他問完之後等的每一瞬都仿佛煎熬,也不知過了幾個歲月,他聽見一聲極輕,極其溫存的聲音:“是。”

“在下浩氣盟段燭塵。”

兩相見面,沒想到居然這般機緣巧合。

一旁陳和尚走過來解釋,說是聽聞這幾日浩氣盟眾將搬師黑龍沼,便悄悄帶著雨煌過來尋覓些凝血草。陳和尚讓了個位置給兄弟二人交談,燭塵將雨煌攬過來,細細的一句句問幾時起幾時睡,可吃飽可穿暖,眼睛如何了身體如何了,生怕漏下一句。

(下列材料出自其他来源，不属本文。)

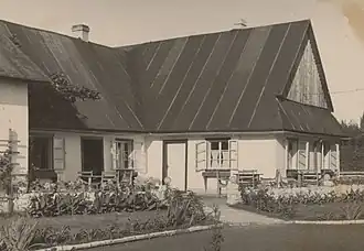 The Vorlager (front compound) contained living quarters and recreational buildings for the camp personnel. The SS officers lived in cottages with colorful names such as Lustiger Floh (the Merry Flea), Schwalbennest (the Swallow's Nest), and Gottes Heimat (God's Own Home).[33] They also had a canteen, a bowling alley, a hairdresser, and a dentist, all staffed by Jewish prisoners.[34][35] The watchmen, drawn from Soviet POWs, had separate barracks, and their own separate recreational buildings, including a hair salon and a canteen.[36]
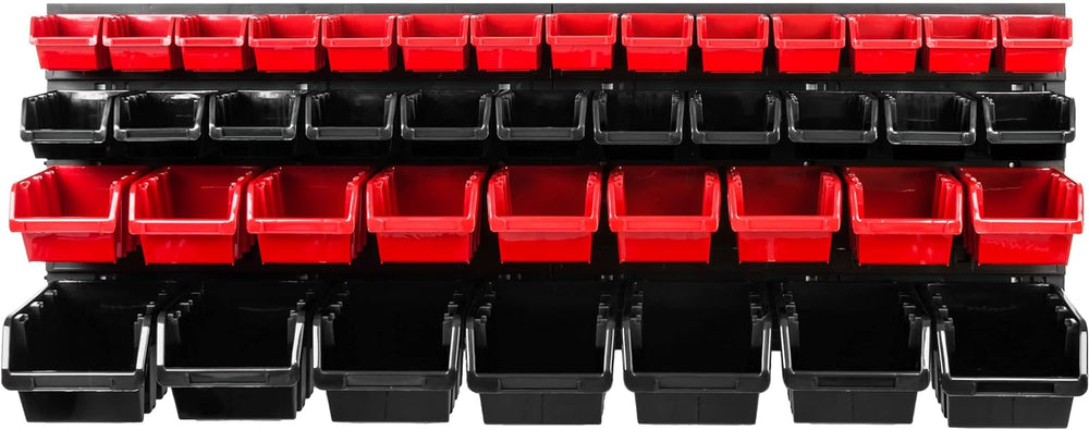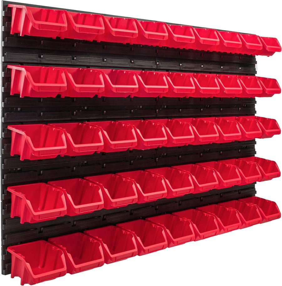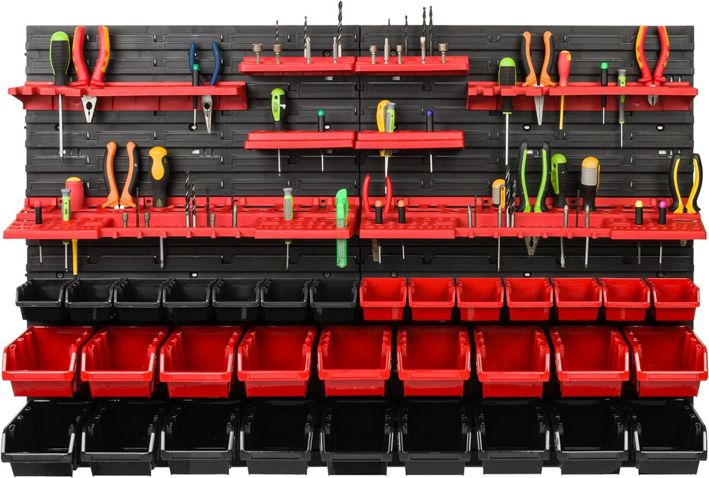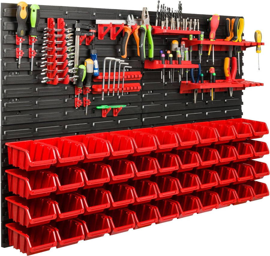 Lagersystem Werkstattregal | 115 x 78 cm | 44 stck. Box | Wandregal mit Werkzeughalterungen und Stap
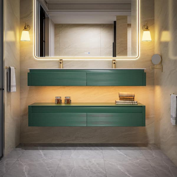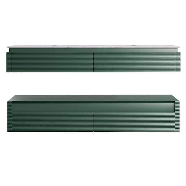 MarbleLux 60 in. W x 20.8 in. D x 21.2 in. H Wall Mounted 2-Tier Bath Vanity with 2-Sinks in Green w/ White Marble Top
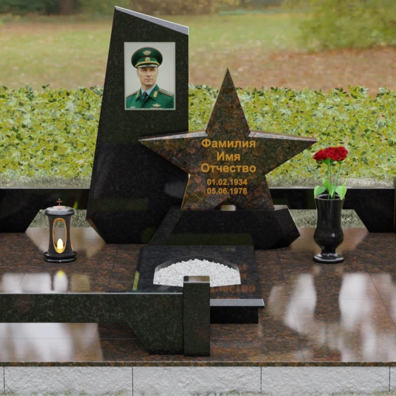 Кому подойдет: Это ритуальное изделие станет достойным выбором для увековечивания памяти военного, ветерана боевых действий или человека, чья профессиональная деятельность была связана с защитой Отечества. Символика звезды в сочетании со строгими линиями олицетворяет мужество, честь и верность идеалам. Благодаря своей величественной форме и архитектурной сложности, такой ансамбль подойдет для установки на почетном месте захоронения главы семьи, подчеркивая его высокий статус и значимость для потомков.

他用手撫著雨煌的頭發,雨煌少有會這樣安寧舒心的側在一個人懷裏,帶著笑一句句聽著。

突然,雨煌將燭塵推開,用手指在嘴唇前比了個噤聲。

“大約一裏外有二十人左右策馬來,武功都不算弱,我們多半不是對手。”雨煌仔細聽了半晌,頓了頓:“燭塵,是不是你們浩氣盟的人?”

“應當是了。”燭塵點頭:“不如你們趕緊跑,我現下拖延他們一陣,等你們過了江也就太平了。”

陳和尚將凝血草采了放至行囊中,與雨煌一行人匆匆走向岸邊想要登船。燭塵不停的往回看,遠處馬蹄聲和嘈雜的人聲他多也聽清了大半,心下焦急的很,卻又想起了蘇幕的警告。

“若你再包庇,就要與純陽宮一同處置了。”

他沈吟片刻,想讓陳和尚在自己胸口拍上一掌,回去也好說是力不能敵,免得招惹是非。

他這麽一說雨煌倒是皺緊了眉打斷:“陳和尚掌力剛猛,這麽一掌下去要麽只是輕傷毫無用處,要麽是五臟受損得多日休養。”

雨煌想了想,道:“不如我這裏用一些取巧的方法刺激你部分筋脈。你看上去會憔悴萬分日夜咳血,實際是在排毒養身,靜養半月便可恢覆原樣。”

於是待浩氣盟諸人趕到,便看到的是墨點漫天,隨後燭塵握著長劍半跪在岸邊,面色蒼白嘴角滲血,遠處一艘小船,已經消失在長江的漫天霧氣當中。

那藏劍弟子見燭塵這樣魂都嚇掉了一半,連忙跑過去將他扶起來,燭塵順勢一暈,閉上眼睛不問人事。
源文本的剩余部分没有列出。